Per raggiungere Giussano in auto dalla rete autostradale principale, il riferimento più usato è l’Autostrada dei Laghi A9. L’uscita consigliata, in funzione del punto di ingresso da sud e della distribuzione del traffico, è A9 – Saronno: da lì si prosegue sulla viabilità ordinaria in direzione est verso la Brianza, mantenendo come obiettivo l’innesto con le provinciali che portano al territorio di Monza e della Brianza.
Da Milano i tempi medi variano in modo sensibile in base all’orario. In condizioni scorrevoli, la distanza è circa 25–30 km con percorrenze tipiche di 30–40 minuti; nelle fasce pendolari la stessa tratta può salire a 50–70 minuti, soprattutto in avvicinamento ai nodi stradali e agli attraversamenti urbani. Per ridurre le oscillazioni, conviene pianificare l’ultimo tratto scegliendo accessi che evitino le direttrici più congestionate.
Un’alternativa molto utilizzata è la Strada Statale SS36 del Lago di Como e dello Spluga, asse veloce che collega l’area milanese con la Brianza e il lecchese. L’uscita più funzionale dipende dalla provenienza, ma in pratica si cerca lo svincolo più vicino ai collegamenti per Giussano, così da limitare i chilometri su strade locali. La SS36 è scorrevole, ma richiede attenzione ai rallentamenti tipici in prossimità degli svincoli e nei cambi di carreggiata.

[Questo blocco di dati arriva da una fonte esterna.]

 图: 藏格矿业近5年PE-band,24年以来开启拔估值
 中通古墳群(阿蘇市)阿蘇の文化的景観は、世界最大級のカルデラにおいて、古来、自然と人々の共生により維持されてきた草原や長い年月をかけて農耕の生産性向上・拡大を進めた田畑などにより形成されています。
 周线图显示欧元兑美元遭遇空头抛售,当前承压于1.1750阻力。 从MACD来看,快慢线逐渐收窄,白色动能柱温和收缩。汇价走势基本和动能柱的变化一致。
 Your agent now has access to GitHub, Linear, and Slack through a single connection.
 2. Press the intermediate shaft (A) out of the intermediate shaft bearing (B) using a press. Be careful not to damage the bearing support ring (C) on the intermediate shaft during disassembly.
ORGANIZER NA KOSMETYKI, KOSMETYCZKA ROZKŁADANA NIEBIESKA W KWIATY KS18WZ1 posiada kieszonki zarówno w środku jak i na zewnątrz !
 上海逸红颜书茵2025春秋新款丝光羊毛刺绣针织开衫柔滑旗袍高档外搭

Per chi arriva dalla cintura nord di Milano o da direttrici est-ovest, è utile considerare la Tangenziale Nord di Milano A52 come raccordo di distribuzione verso le arterie brianzole. L’A52 consente di agganciare più facilmente i corridoi che portano alla SS36 o alle provinciali di collegamento, riducendo i passaggi in viabilità urbana. Nelle ore di punta, la regolarità del flusso dipende molto dai punti di immissione e dalle corsie di uscita, quindi è consigliabile impostare per tempo la corsia corretta.
L’accesso finale a Giussano avviene spesso tramite strade provinciali. Tra le più rilevanti in zona rientra la SP6, che funge da collegamento tra diversi comuni brianzoli e intercetta le direttrici principali verso il centro abitato. In base al quartiere di destinazione, possono risultare utili anche tratti di SP102, che supportano la distribuzione locale e permettono di raggiungere le aree residenziali senza attraversare necessariamente gli assi più trafficati.

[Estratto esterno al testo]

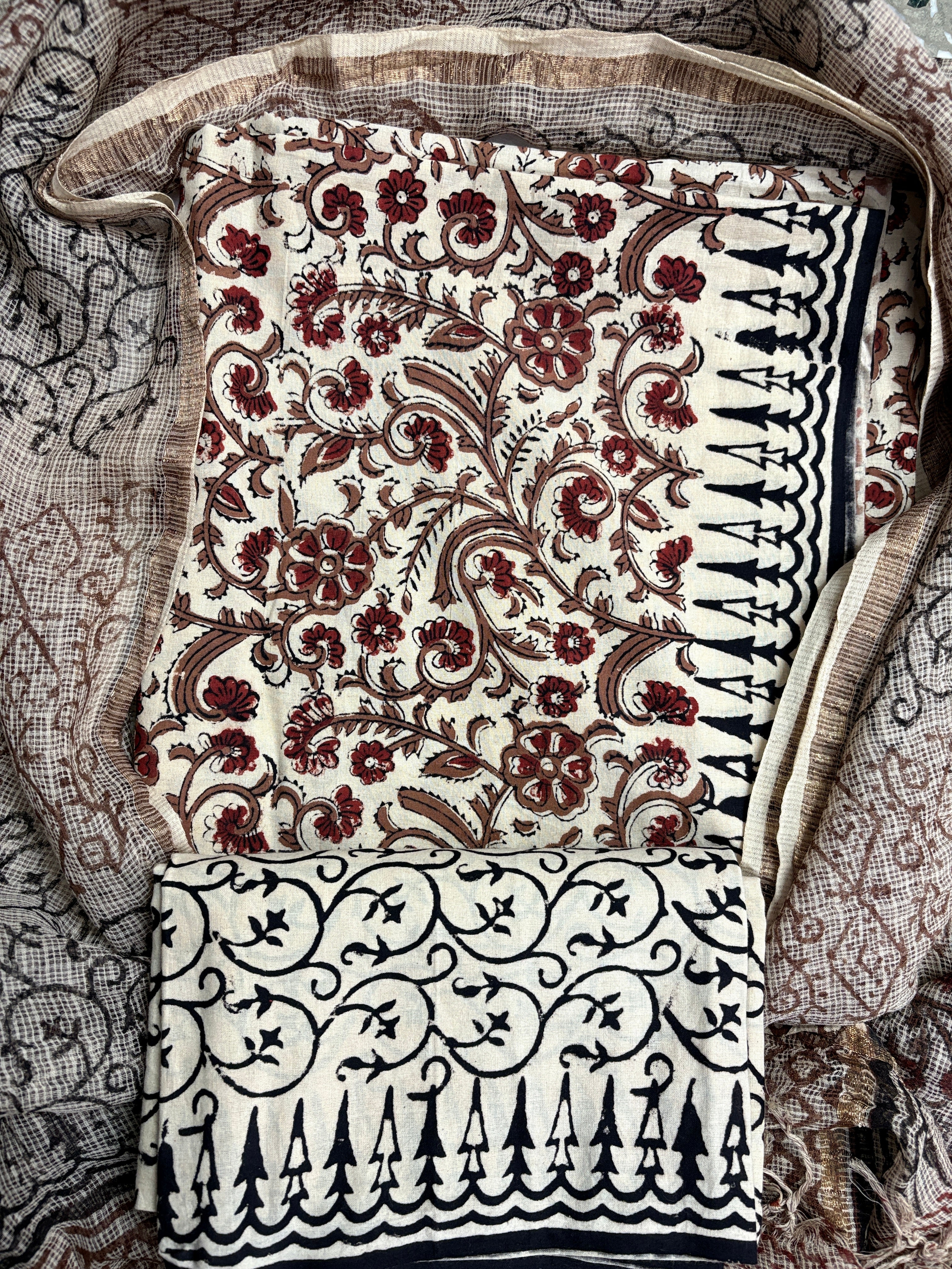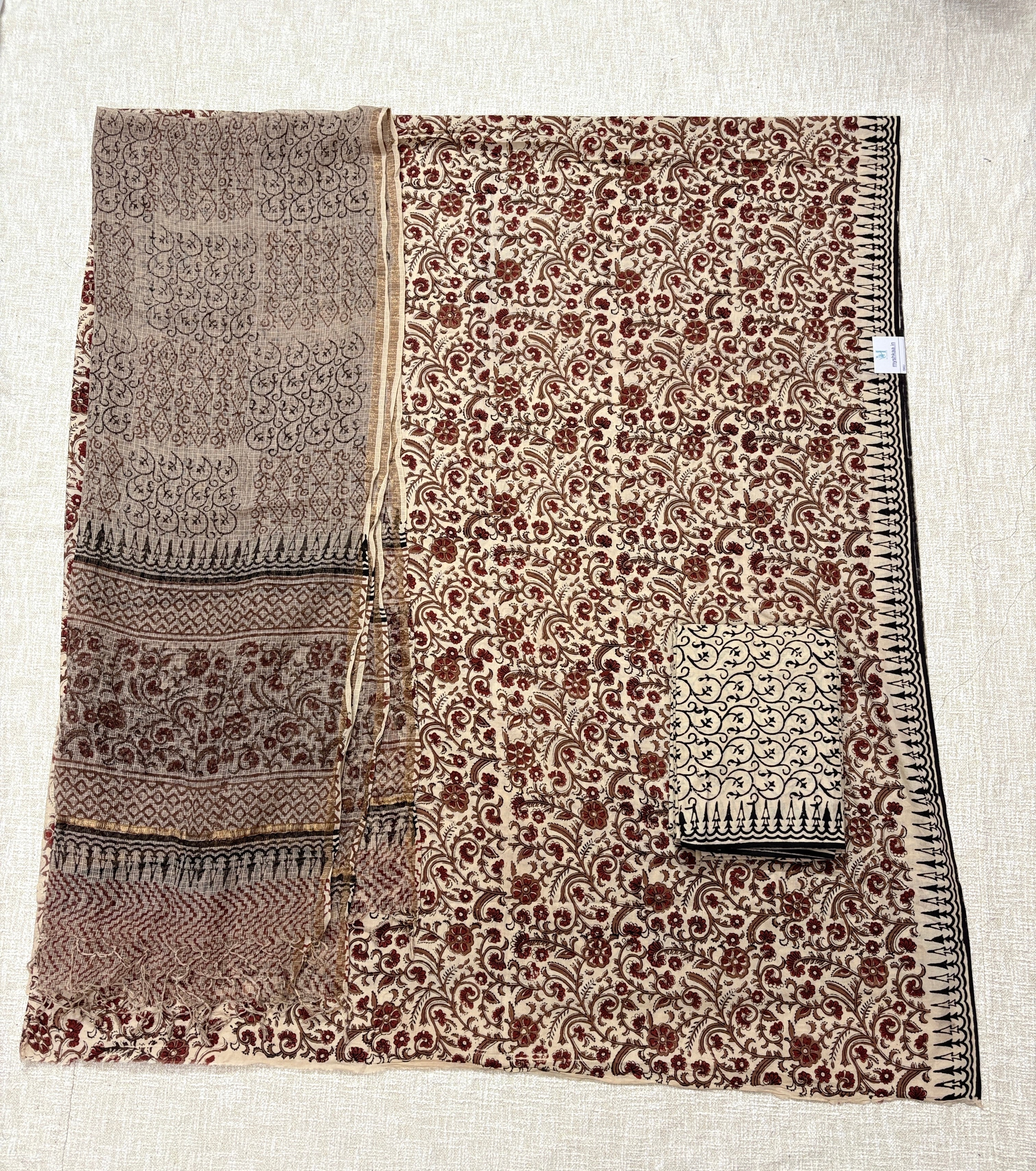 Cotton Handblock Office Wear Suit fabric with Kota Doria Dupatta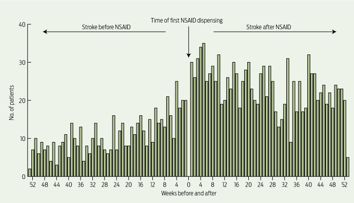 The absolute risk of stroke in our study was low: 7.1 strokes/1000 people/year, derived from those who had a stroke in the 12 months before incident NSAID use. However, analysis showed a 1.88 times (95% CI, 1.70–2.08) increased risk of hospitalisation for stroke (ischaemic or haemorrhagic) following incident dispensing of an NSAID (Box 1), with a strong temporal association observed (Box 2). This equates to an increased absolute risk of 13.4 strokes/1000 people/year. Significant positive associations between starting an NSAID and having a hospitalisation for stroke were found for all NSAIDs except ibuprofen, with ASRs ranging from 1.44 (95% CI, 1.16–1.80) for indomethacin to 1.80 (95% CI, 1.59–2.04) for rofecoxib (Box 1).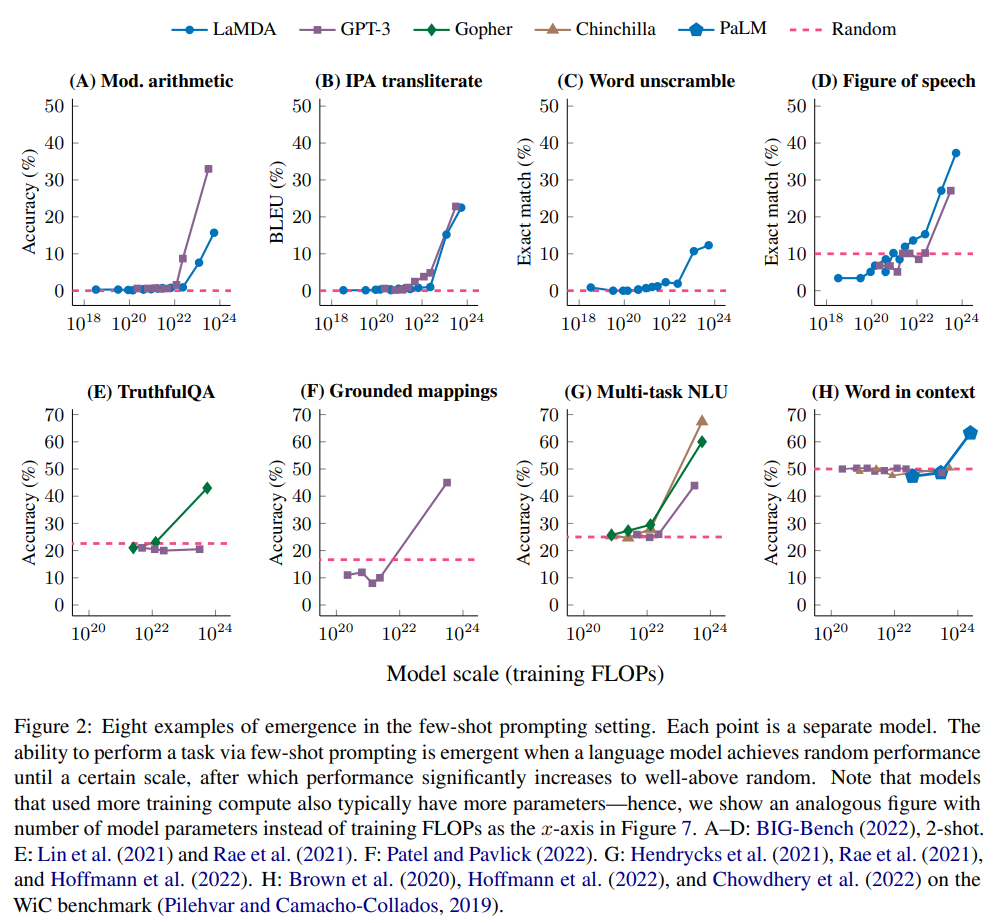 目前这一能力通常在百亿、千亿级别的参数区间出现。“但具体多少参数能够出现涌现现象,也与具体任务、具体模型有关,某些任务13B规模即可,有些任务需要540B,大部分要达到70B。”新浪新技术研发负责人张俊林提到。

Una volta entrati nel territorio comunale, la viabilità è tipicamente urbana: rotatorie ravvicinate, incroci regolati e limiti di velocità contenuti. Nelle fasce serali e nel fine settimana il traffico tende a essere più regolare, mentre nei giorni feriali incidono gli spostamenti pendolari e l’accesso alle zone di servizio. Per una percorrenza più lineare conviene preferire gli assi di scorrimento esterni, usando le strade interne solo nell’ultimo chilometro, così da ridurre tempi morti dovuti a svolte e attraversamenti.